A guide to stopping & reporting SPAM emails
Welcome to our guide to SPAM emails
SPAM emails are one of the most annoying things that we encounter on the Internet. Not only do SPAM emails fill our mailboxes up with junk, it also wastes our time when we have to continually delete it.
The golden rule to help prevent SPAM is: Never reply to a SPAM email
SPAM emails will almost always invite you to unsubscribe from their mailing list.
This is a way for them to confirm your email address is real. It will offer a link or it will say something like 'Reply to this email with UNSUBSCRIBE in the subject', never do it.
In this guide we will give you some general tips about how you can try and minimise these nuisance SPAM emails. We will also look at how you can help stop spammers by reporting the SPAM emails you receive.
First, let's start with some basics about SPAM emails.
What is a SPAM email?
A SPAM Email is an unsolicited commercial email. In other words, an email trying to sell you something which you haven't requested. The products or services offered can actually be authentic but more often than not they are either substandard or just a complete con. If you did not request the email then it is best to assume it is SPAM and to deal with it accordingly.
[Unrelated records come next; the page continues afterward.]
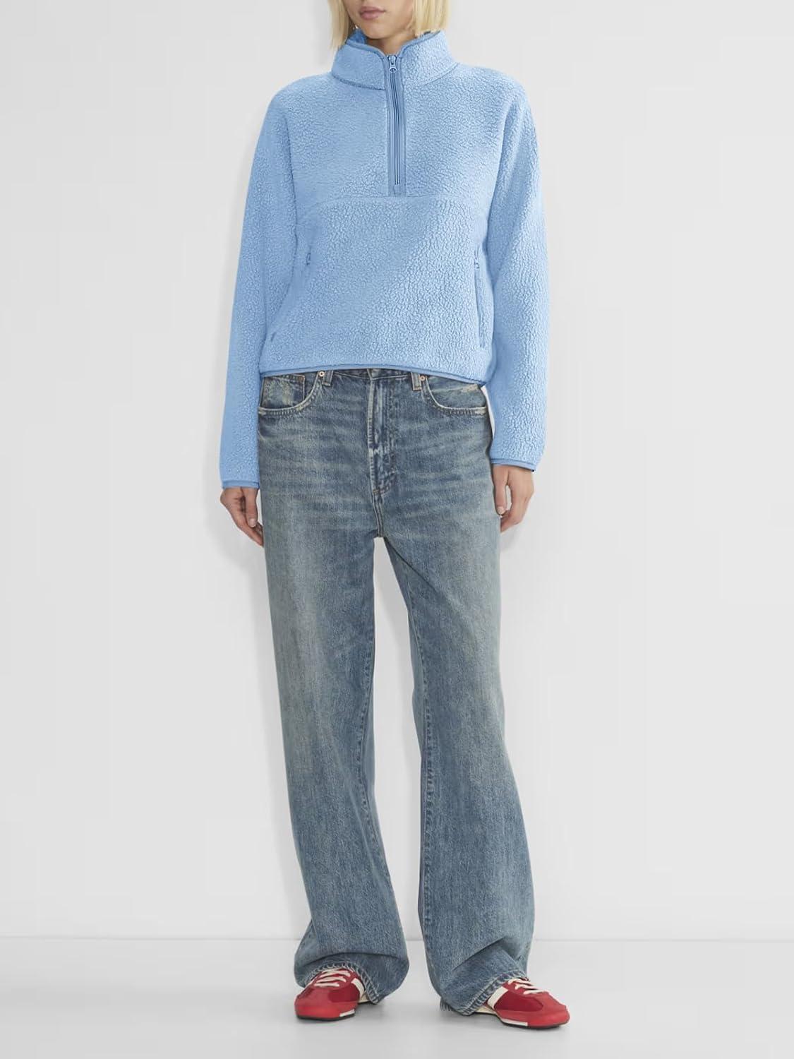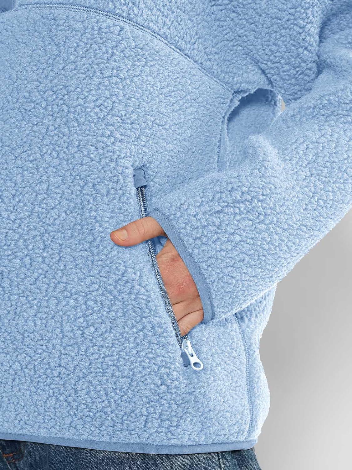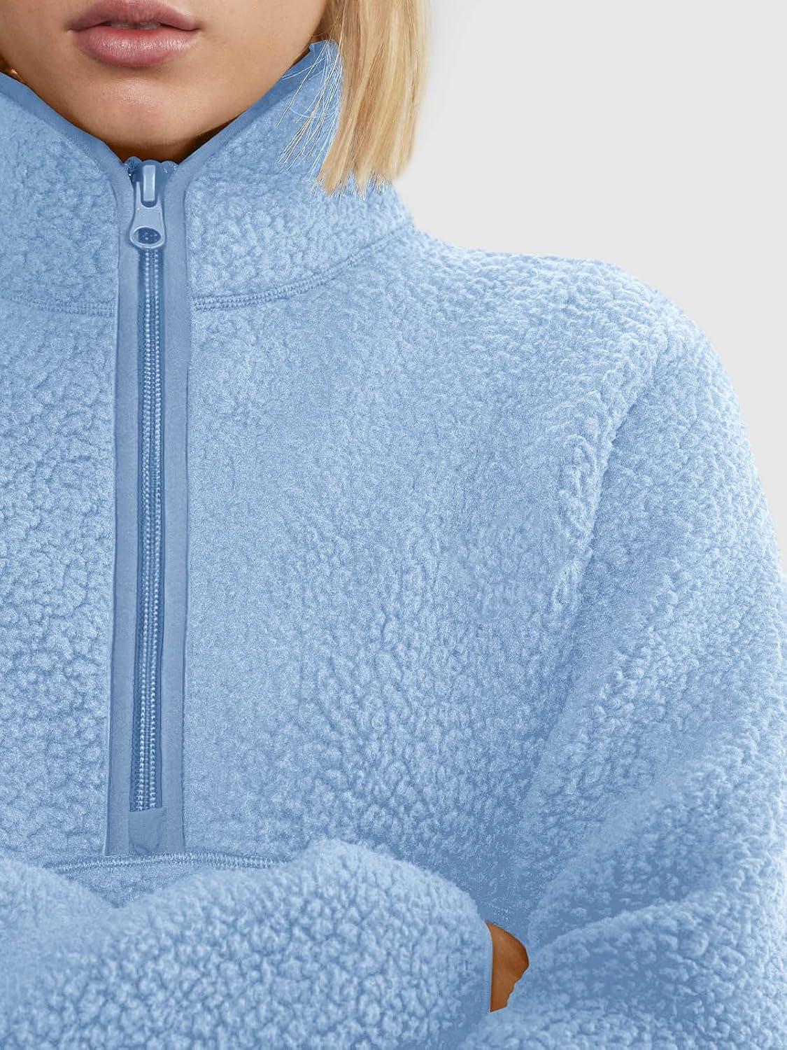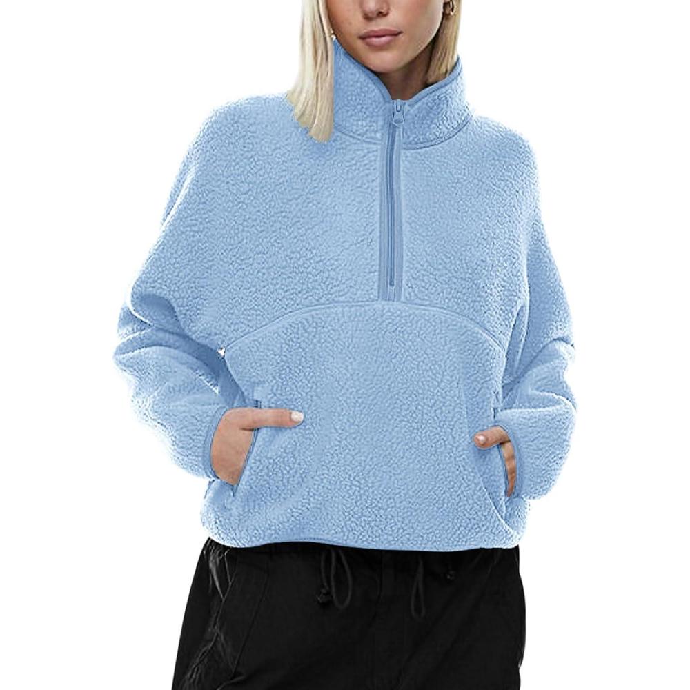 imageLASLULU Womens Half Zip Pullover Cropped Sweatshirts Sherpa Fleece Jacket Fuzzy Sweaters Cute Winter Jackets with PocketsLight Blue
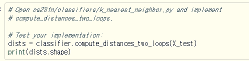 설명에 나와있듯이 cs231n/classifiers폴더에 있는 k_nearest_neighbor.py 파일의 compute_distances_two_loops 함수의 일부를 작성해야 한다.
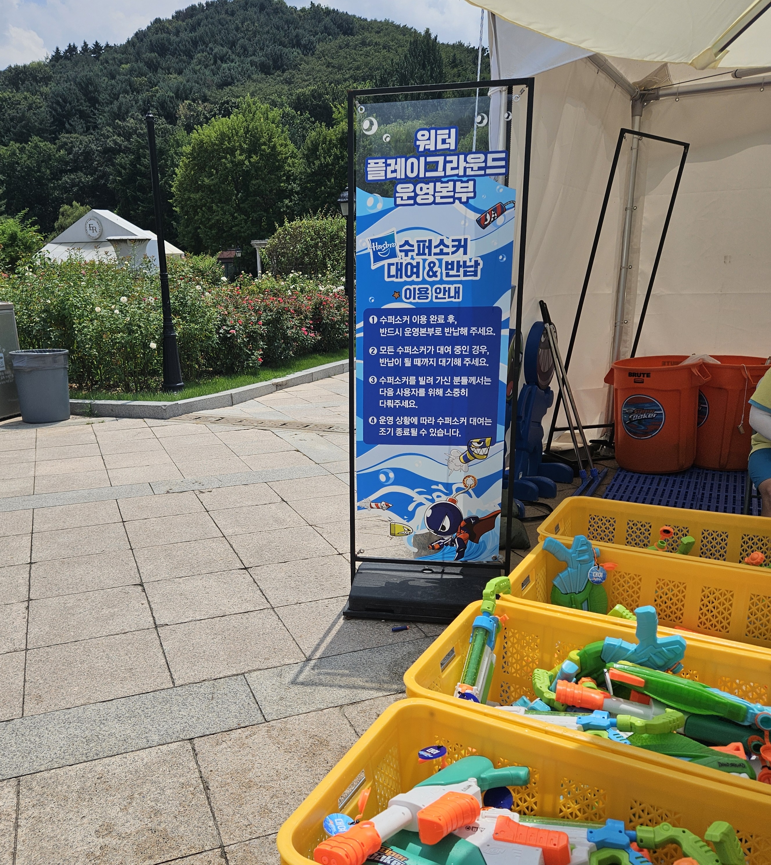 중간에 물총이 너무 무거웠는지 물총을 바꾸고 싶다고 해서 어떻게 하지 고민을 했는데 한쪽에 보니 워터 운영본부 부스에서 물총 대여 무료로 해주고 있더라고요. 그래서 작은 총을 빌렸고 바로 옆 부스에는 SNS 이벤트까지 진행하고 있는 것 같으니 참고 바랍니다.
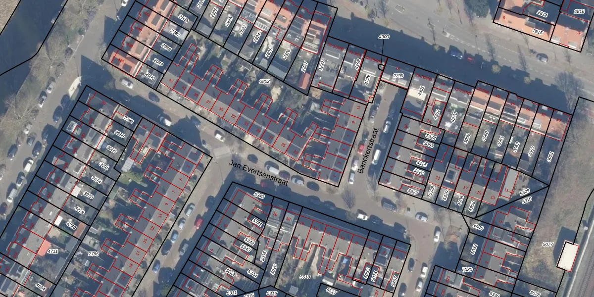 Jan Evertsenstraat 23 is gelegen op kadastraal perceel HLM01I2802. Deze kadastrale aanduiding is uniek en wordt gebruikt door het Kadaster om eigendomsrechten en andere zakelijke rechten vast te leggen. Het perceel maakt onderdeel uit van de kadastrale gemeente Haarlem.
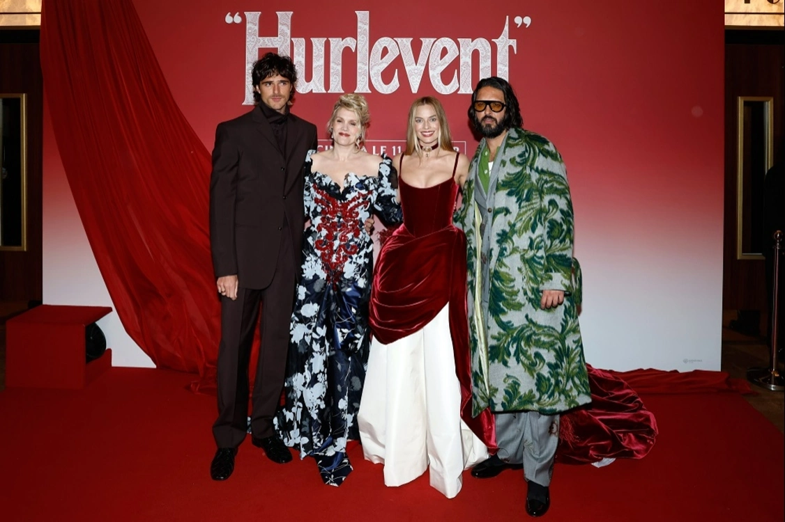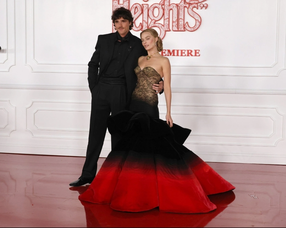 Первое появление дуэта состоялось 28 января в Китайском театре TCL в Лос-Анджелесе. Марго Робби выбрала платье в стиле «русалка»: бежевое бюстье с тонким черным кружевом переходило в бархатную юбку с темно‑красным подолом — намеренная отсылка к мрачной палитре фильма. Волосы, убранные в аккуратный пучок, сместили акцент на винтажное колье «Тадж‑Махал» стоимостью 8 млн долларов с бриллиантом в форме сердца, некогда принадлежавшее Элизабет Тейлор. Образ дополнили бриллиантовые серьги и кольцо с рубином.
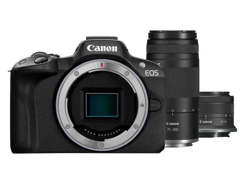 Canon EOS R50 spiegellose Kamera, Schwarz + RF-S 18-45mm F4.5-6.3 IS STM Objektiv + RF 75-300mm F4-5.6 Objektiv
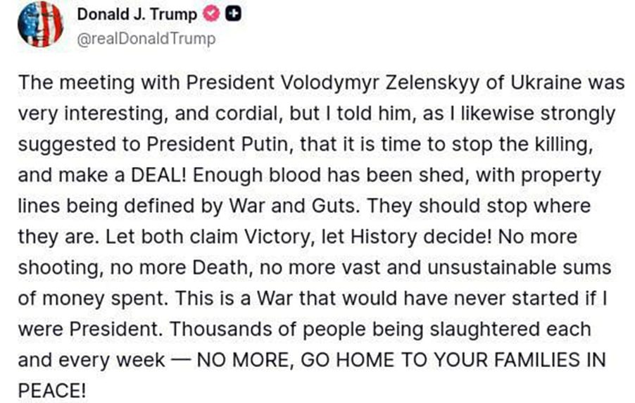 "Встреча с президентом Украины Владимиром Зеленским была очень интересной и сердечной, но я сказал ему, как я настойчиво предлагал президенту Путину, что пришло время прекратить убийства и заключить СДЕЛКУ! Уже пролито достаточно крови, границы собственности определяются войной и жестокостью. Они должны остановиться на достигнутом. Пусть оба заявляют о Победе, пусть решает история! Больше никакой стрельбы, никаких смертей, никаких огромных и непомерных трат денег. Это война, которая никогда бы не началась, будь я президентом. Тысячи людей гибнут каждый год. и каждую неделю, НЕ БОЛЬШЕ, ВОЗВРАЩАЙТЕСЬ ДОМОЙ К СВОИМ СЕМЬЯМ В МИР!" — этим сообщением в сети Truth Social Трамп подвёл краткий итог переговоров c Зеленским.
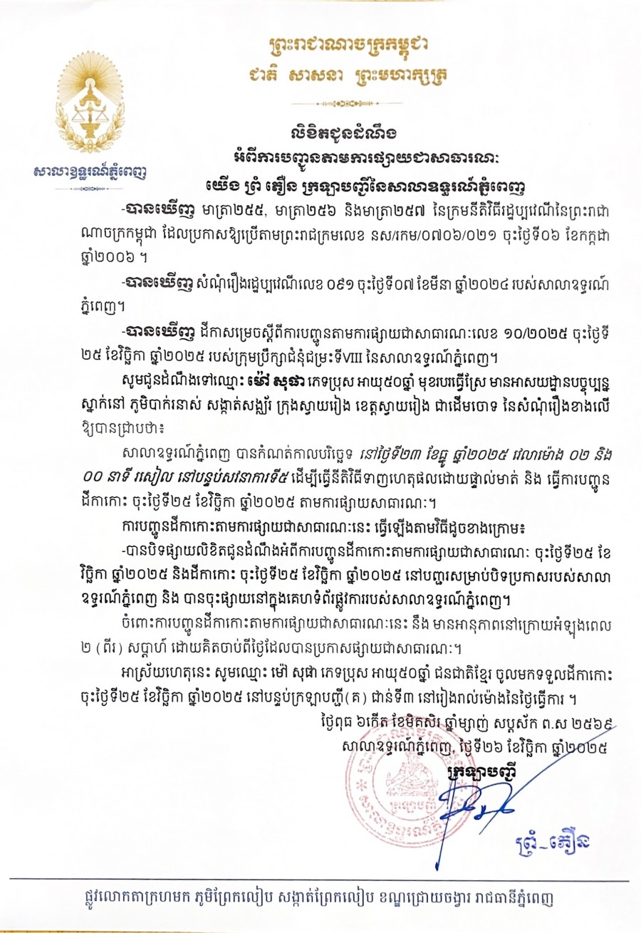 យើង ព្រំ ភឿន ក្រឡាបញ្ជីសាលាឧទ្ធរណ៍ភ្នំពេញ សូមជូនដំណឹងទៅឈ្មោះ ម៉ៅ សុផា ភេទប្រុស អាយុ៥០ឆ្នាំ មុខរបរធ្វើស្រែ មានអាសយដ្ឋានបច្ចុប្បន្នស្ថិតនៅភូមិបាក់រនាស់ សង្កាត់សង្ឃ័រ ក្រុងស្វាយរៀង ខេត្តស្វាយរៀង ជាភាគីដើមចោទនៃសំណុំរឿងរដ្ឋប្បវេណីលេខ ០៩១ ចុះថ្ងៃទី០៧ ខែមីនា ឆ្នាំ២០២៤ ឱ្យបានជ្រាបថា សាលាឧទ្ធរណ៍ភ្នំពេញបានកំណត់យកថ្ងៃទី ២៣ ខែធ្នូ ឆ្នាំ២០២៥ វេលាម៉ោង ០២ៈ០០នាទីរសៀល នៅសាលសវនាការទី៥ ដើម្បីធ្វើនីតិវិធីទាញហេតុផលដោយផ្ទាល់មាត់។

Where do they get my email address from?
Spammers get email addresses by various methods, the most common are listed below:
Some spammers use software to randomly generate email addresses for popular email providers. Commonly called dictionary attacks, the software will guess the first part of an email address: firstname.lastname@example.org
The way to avoid this is to use an email address containing special characters such as underscores or numbers.
Purchasing third party lists
Buying email addresses from third parties.
To avoid this only give your email address to trusted sites.
Some spammers use special software called email harvesters which scan webpages for email addresses. Common targets for email harvesters are message boards and social networking websites.
To avoid your email being picked up by this type of software, when including your email address on a webpage (for example when you use a message board) try to obscure it. For example, use john AT yourprovider.com instead of using the @ symbol.
Some SPAM Emails appear to come from trusted sites?
This is called email spoofing, in these cases the spammer's apparent email address will be a trusted domain name. The only way to really see where the email has come from is by viewing the full header information of the SPAM email.
Another common problem which utilises spoofing is what is referred to as phishing. This is when an email appears to come from a bank, credit card company or even a parcel service. It requests personal information usually with a link to an online form for you to complete. Major banks and other financial institutions never contact a client by email requesting this sort of information, if you do receive this type of email do not follow the instructions.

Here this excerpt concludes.